Stored data
╔══
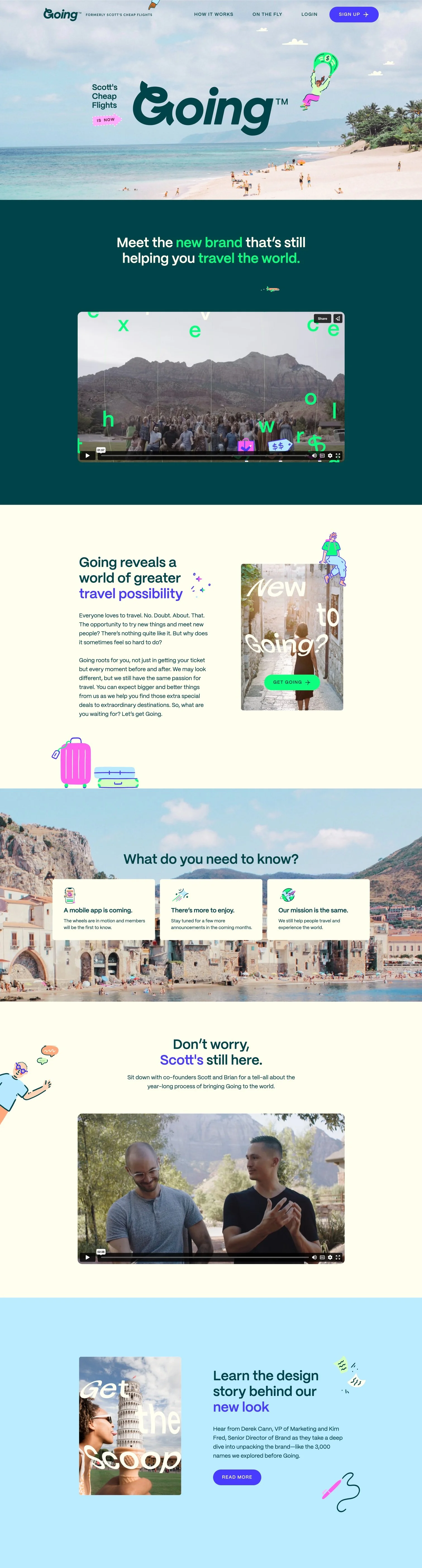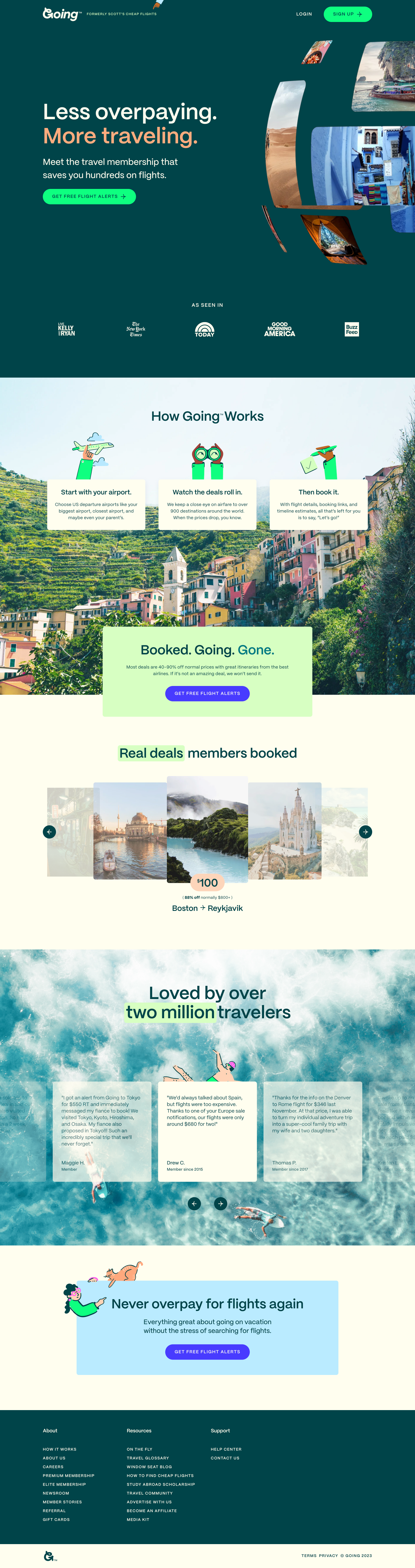 In 2023, Scott’s Cheap Flights relaunched as Going, a travel membership that saves you hundreds on flights. I joined the team to help transform the voice of SCF into something new. Going is conversational, witty, and playful.
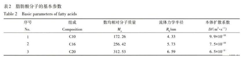 表2脂肪酸分子的基本參數(shù)
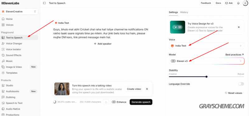 Выбираем созданного клона голоса и в параметрах модели устанавливаем Eleven V3. На данный момент это одна из лучших моделей: она обеспечивает максимальное сходство, корректно произносит окончания слов и поддерживает большое количество языков.
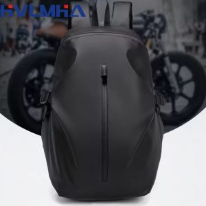 - Large-capacity waterproof motorcycle backpack with reflective safety strip, suitable for helmets, laptops, and travel essentials.
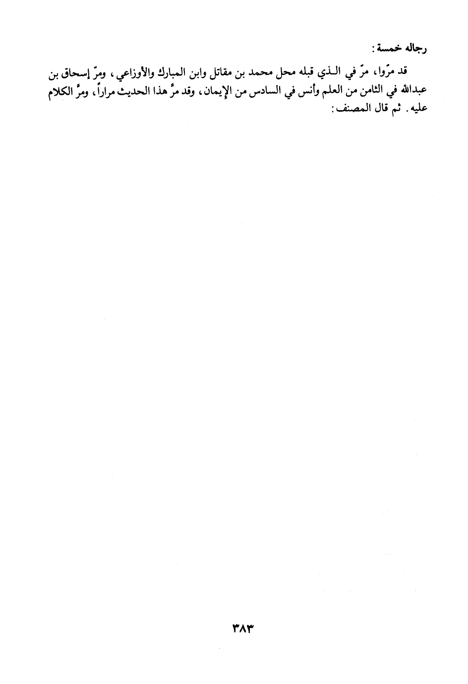 قد مرّوا، مرّ في الذي قبله محل محمد بن مقاتل وابن المبارك والأوزاعي، ومرّ إسحاق بن عبد الله في الثامن من العلم وأنس في السادس من الإيمان، وقد مرّ هذا الحديث مرارًا، ومرَّ الكلام عليه. ثم قال المصنف:
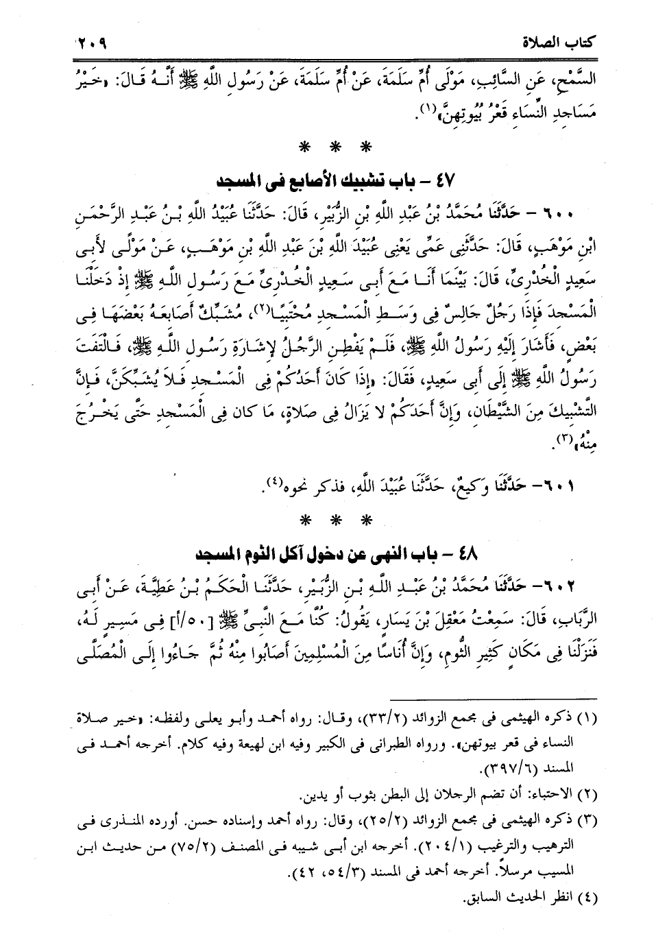 600 - حَدَّثَنَا مُحَمَّدُ بْنُ عَبْدِ اللَّهِ بْنِ الزُّبَيْرِ، قَالَ: حَدَّثَنَا عُبَيْدُ اللَّهِ بْنُ عَبْدِ الرَّحْمَنِ ابْنِ مَوْهَبٍ، قَالَ: حَدَّثَنِى عَمِّى يَعْنِى عُبَيْدَ اللَّهِ بْنَ عَبْدِ اللَّهِ بْنِ مَوْهَبٍ، عَنْ مَوْلًى لأَبِى سَعِيدٍ الْخُدْرِىِّ، قَالَ: بَيْنَمَا أَنَا مَعَ أَبِى سَعِيدٍ الْخُدْرِىِّ مَعَ رَسُولِ اللَّهِ صلى الله عليه وسلم إِذْ دَخَلْنَا الْمَسْجِدَ فَإِذَا رَجُلٌ جَالِسٌ فِى وَسَطِ الْمَسْجِدِ مُحْتَبِيًا، مُشَبِّكٌ أَصَابِعَهُ بَعْضَهَا فِى بَعْضٍ، فَأَشَارَ إِلَيْهِ رَسُولُ اللَّهِ صلى الله عليه وسلم، فَلَمْ يَفْطِنِ الرَّجُلُ لإِشَارَةِ رَسُولِ اللَّهِ صلى الله عليه وسلم، فَالْتَفَتَ رَسُولُ اللَّهِ صلى الله عليه وسلم إِلَى أَبِى سَعِيدٍ، فَقَالَ: "إِذَا كَانَ أَحَدُكُمْ فِى الْمَسْجِدِ فَلاَ يُشَبِّكَنَّ، فَإِنَّ التَّشْبِيكَ مِنَ الشَّيْطَانِ، وَإِنَّ أَحَدَكُمْ لا يَزَالُ فِى صَلاةٍ، مَا كان فِى الْمَسْجِدِ حَتَّى يَخْرُجَ مِنْهُ.
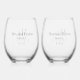 Wedding stemless wine glasses for the bride and groom at their wedding reception. On the back, add the names of both the bride and groom and their wedding date. All text is customizable, so if you want text on one side only, just delete the text you would like to remove. These wine glasses are perfect when you customize them for your bridal party for the reception, bachelor party, bachelorette party, or other wedding event. Contact me for assistance with your customizations or to request additional matching or coordinating Zazzle products for your event.
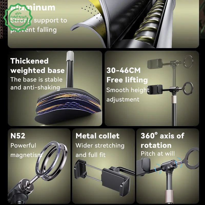به یک استند واقعاً پایدار و انعطافپذیر برای میز کار، لایو، کلاس آنلاین یا تولید محتوا نیاز داری؟هولدر لایو ۳۶۰ درجه Yesido C297 دقیقاً برای همین سناریو ساخته شده: دوحالته (۲در۱) با پد مگسیفِ قدرتمند N52 برای آیفونهای سازگار و گیرهٔ فنری برای همهٔ گوشیها، ارتفاع قابلتنظیم 30 تا 46cm، بازوی تلسکوپی فلزی مقاوم و هد با چرخش ۳۶۰° تا کادر دقیق و حرفهای بگیری.
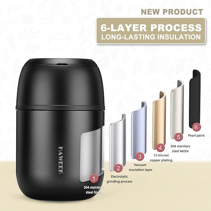 - 【Easy to Open】2 in 1 insulated food jar with a folding spoon, 1 user manual. Notice: Pour in hot & cold water to preheat & pre-cool for 5~10 minutes before packing food.
╚══
Problem description —
Skipping every picture, transcribe exactly the lines above from the one containing "表2脂肪酸分子的基本參數(shù)" through the one containing "قد مرّوا، مرّ", both included.

Answer to this task —
 表2脂肪酸分子的基本參數(shù)
 Выбираем созданного клона голоса и в параметрах модели устанавливаем Eleven V3. На данный момент это одна из лучших моделей: она обеспечивает максимальное сходство, корректно произносит окончания слов и поддерживает большое количество языков.
 - Large-capacity waterproof motorcycle backpack with reflective safety strip, suitable for helmets, laptops, and travel essentials.
 قد مرّوا، مرّ في الذي قبله محل محمد بن مقاتل وابن المبارك والأوزاعي، ومرّ إسحاق بن عبد الله في الثامن من العلم وأنس في السادس من الإيمان، وقد مرّ هذا الحديث مرارًا، ومرَّ الكلام عليه. ثم قال المصنف:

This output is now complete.